Task data:
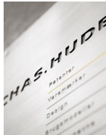
Chas. Hude blev grundlagt i 1896 af Charles von der Hude, altid kaldet Chas.
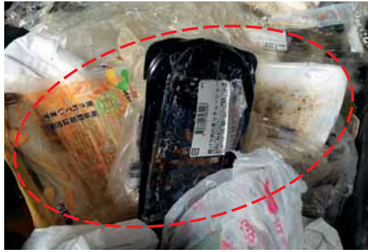
汚れたまま出されている例 ※きれいに出されたものまで汚してしまいます。

食べ物などが残った汚れのひどいものは、きれいにして出されていくものまで汚してしまい、その結果、資源としてリサイクルすることが
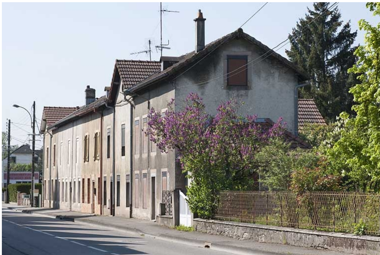
Logements ouvriers. Vue de trois quarts droite. 25, Bart rue de la Gare, lieudit : ZA des Andanges
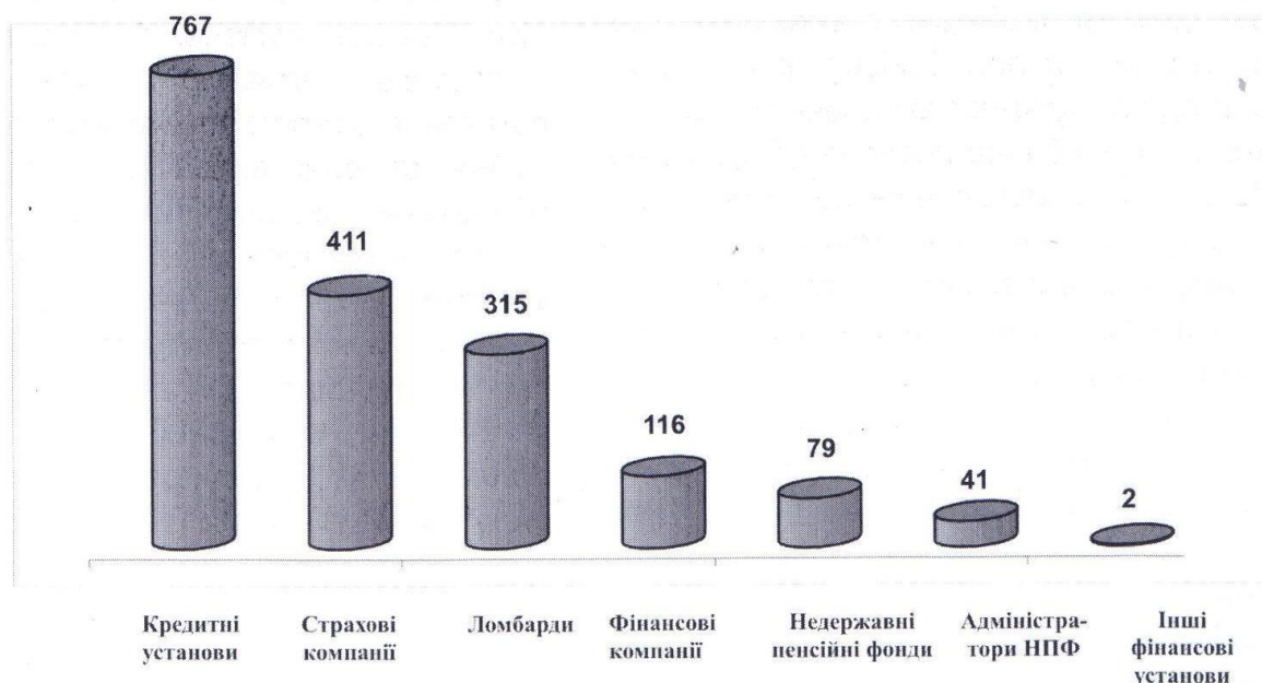
Рис. 1. Кількість небанківських фінансових установ в Україні станом на 01.01.2007 р. [5]

Необхідно відмітити, що активи фінансових посередників в Україні здебільшого представлені банківськими установами та значно меншою мірою страховими компаніями. Це пояснюється відносно нетривалим проміжком часу формування ринкових відносин в Україні. Якщо сучасна банківська система почала свій розвиток з 1991 року, поступово ускладнюючи норми та методи регулювання своєї діяльності, то страховий ринок певний час не мав відповідних норм функціонування, а підвищені ризики в економіці не сприяли ефективній діяльності страхових компаній.

Your instructions:
Letter for letter, reproduce every record above and skip the pictures.

Response to the task:
Chas. Hude blev grundlagt i 1896 af Charles von der Hude, altid kaldet Chas.
汚れたまま出されている例 ※きれいに出されたものまで汚してしまいます。

食べ物などが残った汚れのひどいものは、きれいにして出されていくものまで汚してしまい、その結果、資源としてリサイクルすることが
Logements ouvriers. Vue de trois quarts droite. 25, Bart rue de la Gare, lieudit : ZA des Andanges
Рис. 1. Кількість небанківських фінансових установ в Україні станом на 01.01.2007 р. [5]

Необхідно відмітити, що активи фінансових посередників в Україні здебільшого представлені банківськими установами та значно меншою мірою страховими компаніями. Це пояснюється відносно нетривалим проміжком часу формування ринкових відносин в Україні. Якщо сучасна банківська система почала свій розвиток з 1991 року, поступово ускладнюючи норми та методи регулювання своєї діяльності, то страховий ринок певний час не мав відповідних норм функціонування, а підвищені ризики в економіці не сприяли ефективній діяльності страхових компаній.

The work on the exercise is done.